Source: Stephen Leahy, IPS, 17 Dec 2009
Commenting on COP-15 and the Copenhagen Accord, WaterAid commented on their web site that:
“The crucial subject of water didn’t even figure in the discussions and there were no real signs that Copenhagen’s delegates would make water adaptation strategies a priority.”
“It is clear from the Intergovernmental Panel on Climate Change (IPCC) that climate change will have significant impacts on water resources and access to drinking water and sanitation, but where and how these impacts will be felt is less clear. The projections for rainfall, evaporation and run-off show a high degree of variability across countries and regions.

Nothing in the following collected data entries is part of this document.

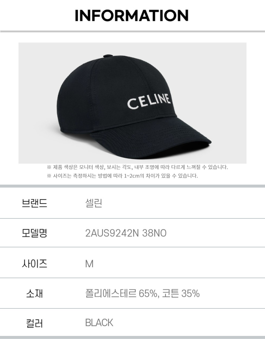 [국내재고보유] 셀린느 로고 자수 볼캡[BLACK/M] 2AUS9242N 38NO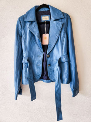 Vintage leather Mango blue jacket. Good vintage condition, some small marks, Best fit size 10-12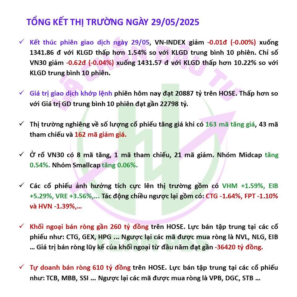 BẢN TIN TỔNG KẾT THỊ TRƯỜNG NGÀY 29/05/2025.

All these impacts, whether they are long-term water stress or an increased frequency of storms and flooding, will be keenly felt by those who have limited or no access to safe drinking water and adequate sanitation, pushing more and more into water poverty.”
“In response to this, WaterAid has developed its responses to minimise the impact.”
“The Copenhagen Accord promises to deliver $30bn of aid for developing nations over the next three years and outlines an aim of providing $100bn a year by 2020 to help poor countries cope with the impacts of climate change.”
“What remains to be seen is whether any of that aid will go towards supporting adaptation strategies to protect existing water and sanitation systems, as well as expanding access to climate-resilient water and sanitation services for all.”